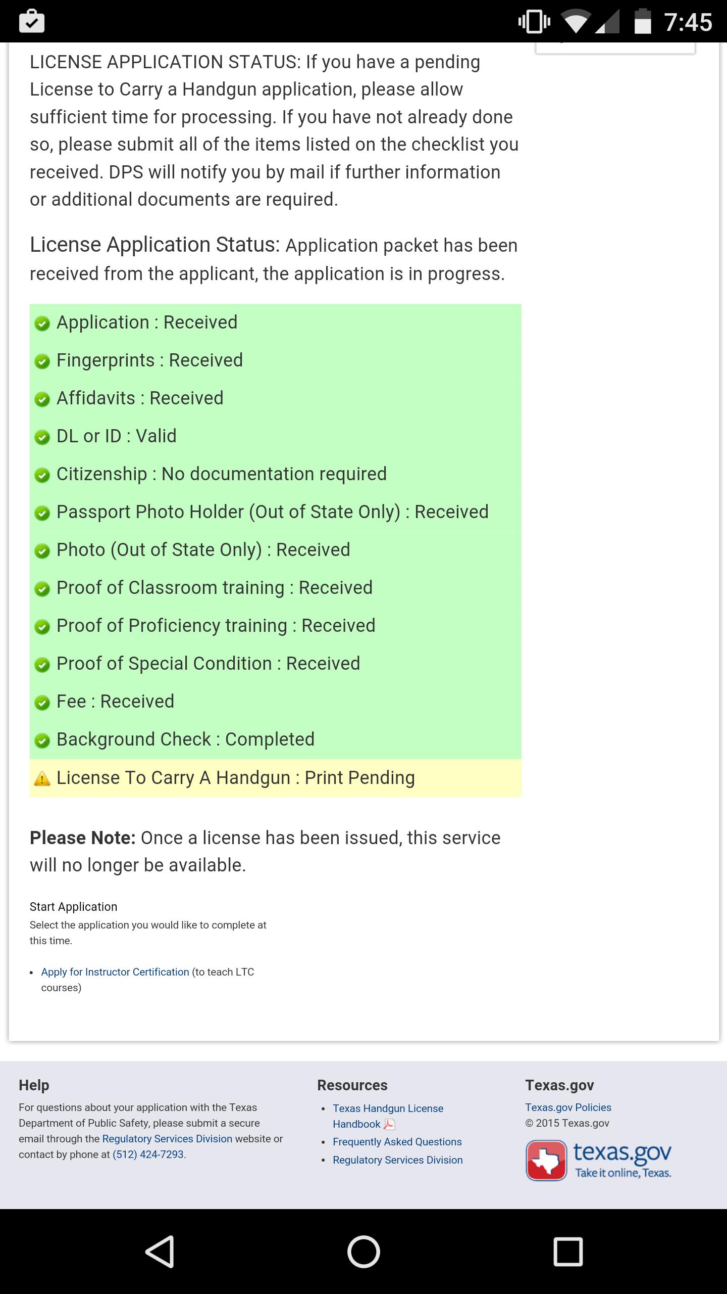 So I decided since Texas is taking its sweet time I'm applying for my Arizona carry permit which will allow me to carry in Texas because they honor our state. I know it's not idea to do because you want a permit from your own state, but come on Texas we are paying you for a service......
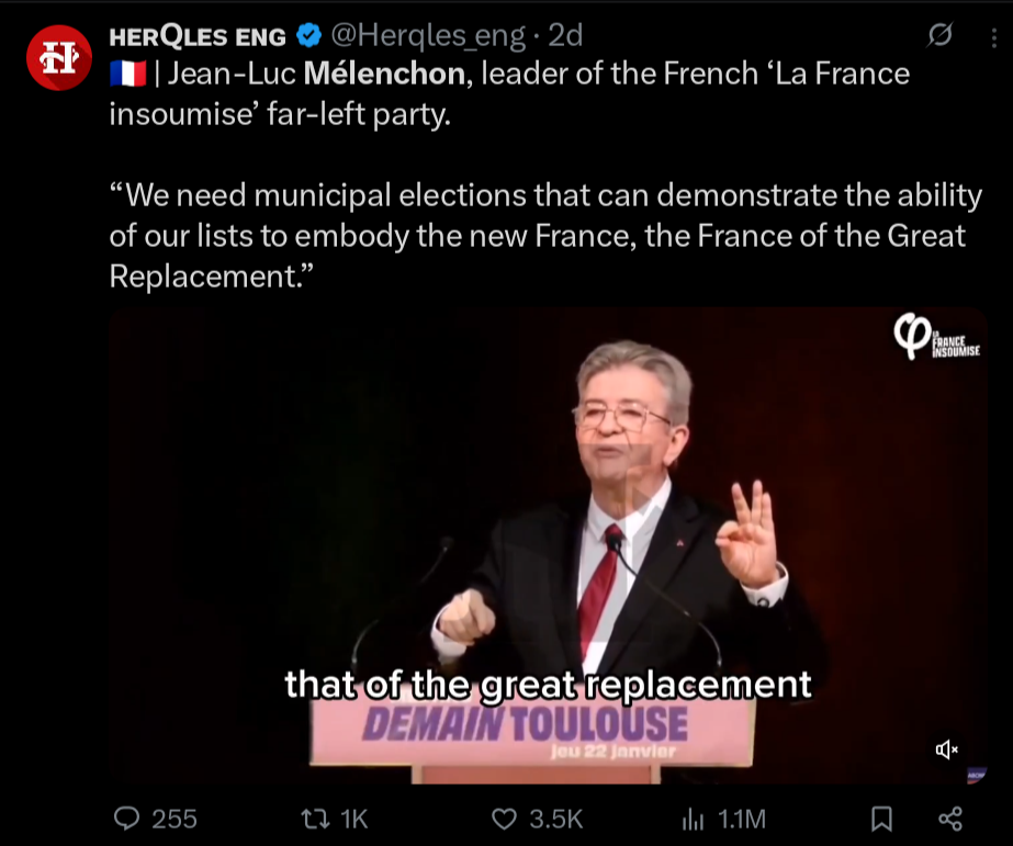 The Great Replacement (French: grand remplacement), also known as replacement theory or great replacement theory,[1][2][3] is a debunked[4][5] white nationalist[6] far-right conspiracy theory[3][7][8][9]
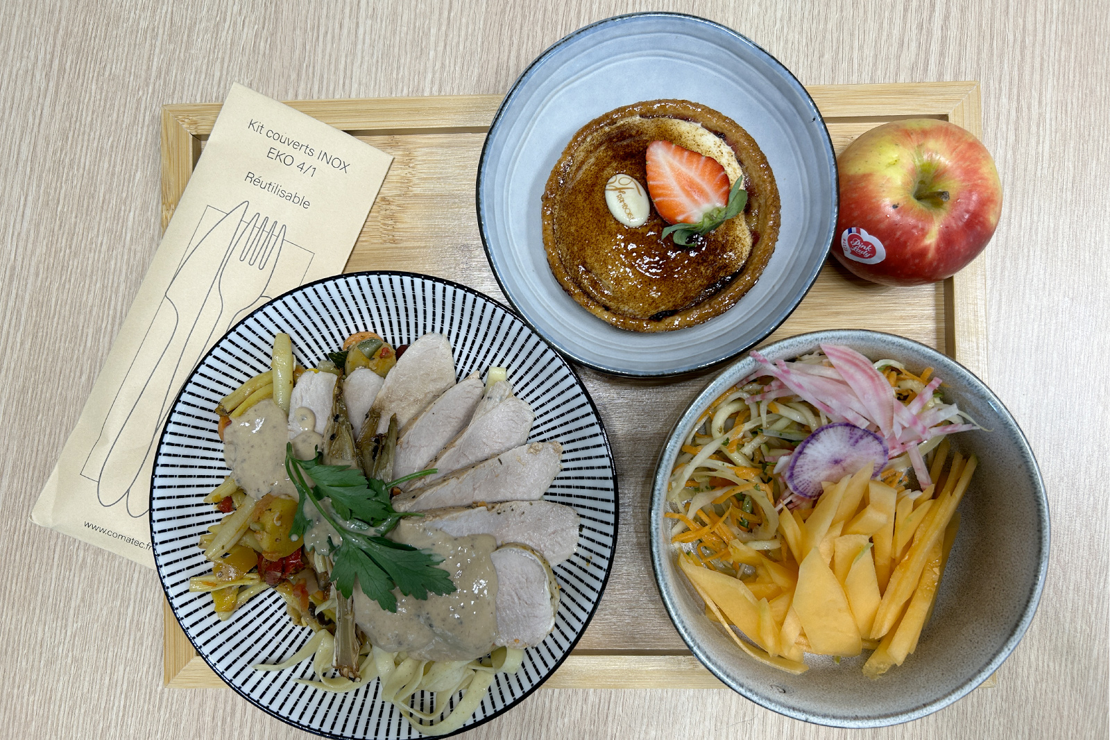 Nous nous adaptons aussi à votre budget : le prix de notre premier Co ‘frais repas froid est de 14 € HT, nos prix varient ensuite en fonction des options que vous choisirez (des couverts en inox, un plateau en bambou, que la vaisselle en porcelaine pour une formule zéro déchet).
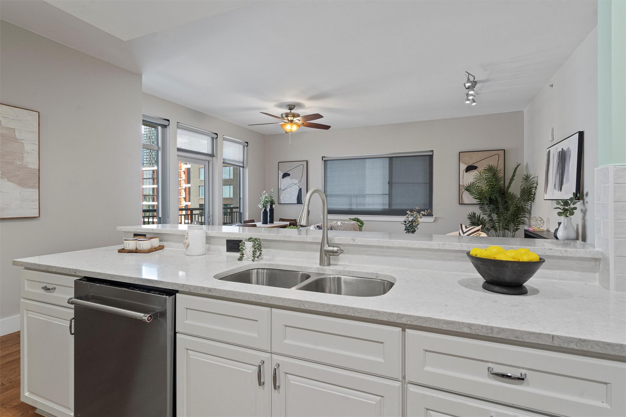 Welcome to your dream urban retreat at The Shore Condominiums in downtown Austin! Perched on the 9th floor, this spectacular corner unit boasts 2 bedrooms, 2 bathrooms, and a wrap-around balcony offering stunning views of the pool. Completely remodeled in 2023, the kitchen shines with new countertops, custom cabinets, and top-of-the-line KitchenAid appliances. Situated in the vibrant Rainey Street District and close to the Lady Bird Lake, this home offers an unbeatable location with private entry to the adjacent Hotel Van Zandt’s exclusive amenities and café. The Shore Condominiums elevate your living experience with exceptional building amenities such as a 24-hour concierge, a sparkling pool with a poolside gazebo, a state-of-the-art fitness center, direct access to the Lady Bird Lake hike and bike trail, a conference room, laundry pickup services, a fire pit, and an outdoor lounge. Step outside and immerse yourself in the lively Austin dining scene with popular spots like Lustre Pearl, Revue, Geraldine’s, Emmer & Rye, Lucille, and Ciclo just steps away. Plus, two reserved parking spaces ensure that you always have a spot waiting for you. Dont miss this unique opportunity to lease an extraordinary residence that offers a perfect blend of sophistication, convenience, and excitement.
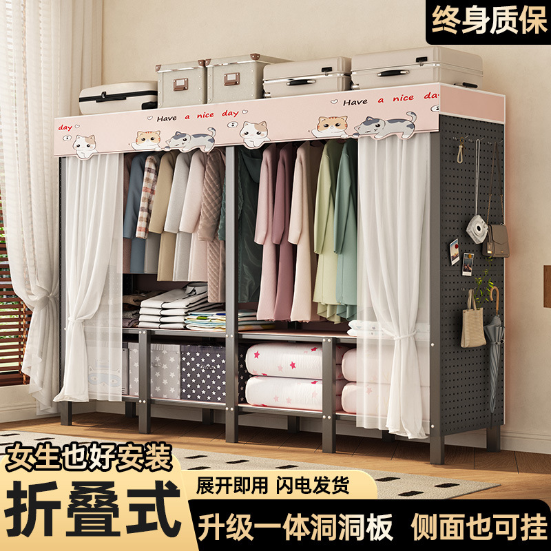 Простой шкаф для дома, спальни, тканевый шкаф, утолщенный и усиленный сборный шкаф для хранения, стальной каркас, аренда гардероба, подвесной шкаф для одежды
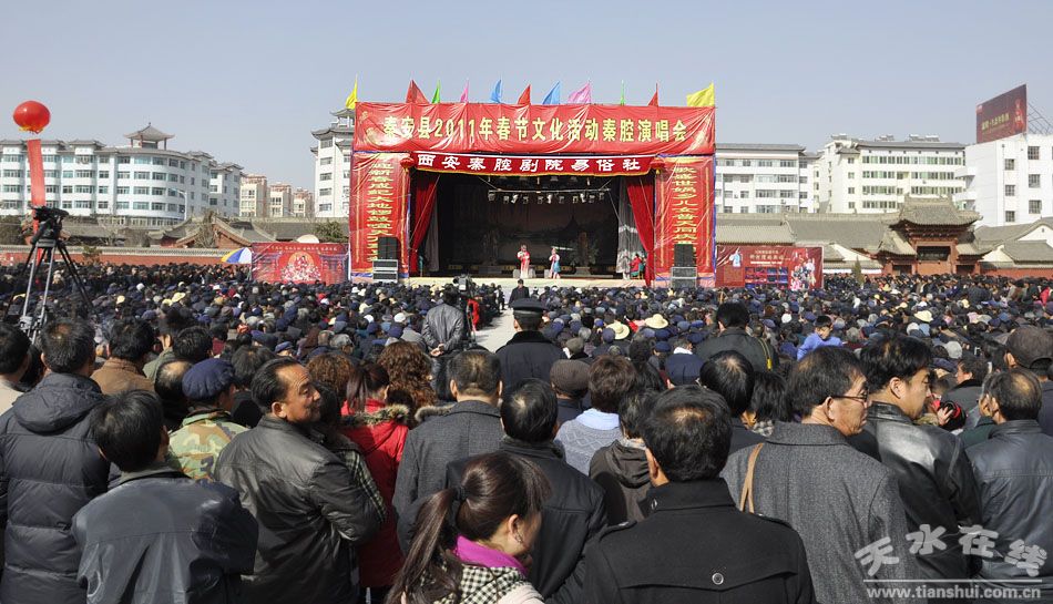 2月12日正月初初十,第一場(chǎng)戲隆重開(kāi)演,出席開(kāi)演儀式的有秦安縣委副書(shū)記程江芬、縣委常委、宣傳部部長(zhǎng)李尚平,縣人大副主任靳蘭生,副縣長(zhǎng)郭雙江,縣政協(xié)副主席馬振寰,西安市秦腔劇院院長(zhǎng)張保衛(wèi),易俗社社長(zhǎng)惠敏麗。
────────────────
> **What you have to do**
Beginning at the line above that contains "Nous nous adaptons" and going on through the line that contains "Простой шкаф для", please copy every line exactly, leaving the pictures out and adding nothing.

> **Answer to the problem**
 Nous nous adaptons aussi à votre budget : le prix de notre premier Co ‘frais repas froid est de 14 € HT, nos prix varient ensuite en fonction des options que vous choisirez (des couverts en inox, un plateau en bambou, que la vaisselle en porcelaine pour une formule zéro déchet).
 Welcome to your dream urban retreat at The Shore Condominiums in downtown Austin! Perched on the 9th floor, this spectacular corner unit boasts 2 bedrooms, 2 bathrooms, and a wrap-around balcony offering stunning views of the pool. Completely remodeled in 2023, the kitchen shines with new countertops, custom cabinets, and top-of-the-line KitchenAid appliances. Situated in the vibrant Rainey Street District and close to the Lady Bird Lake, this home offers an unbeatable location with private entry to the adjacent Hotel Van Zandt’s exclusive amenities and café. The Shore Condominiums elevate your living experience with exceptional building amenities such as a 24-hour concierge, a sparkling pool with a poolside gazebo, a state-of-the-art fitness center, direct access to the Lady Bird Lake hike and bike trail, a conference room, laundry pickup services, a fire pit, and an outdoor lounge. Step outside and immerse yourself in the lively Austin dining scene with popular spots like Lustre Pearl, Revue, Geraldine’s, Emmer & Rye, Lucille, and Ciclo just steps away. Plus, two reserved parking spaces ensure that you always have a spot waiting for you. Dont miss this unique opportunity to lease an extraordinary residence that offers a perfect blend of sophistication, convenience, and excitement.
 Простой шкаф для дома, спальни, тканевый шкаф, утолщенный и усиленный сборный шкаф для хранения, стальной каркас, аренда гардероба, подвесной шкаф для одежды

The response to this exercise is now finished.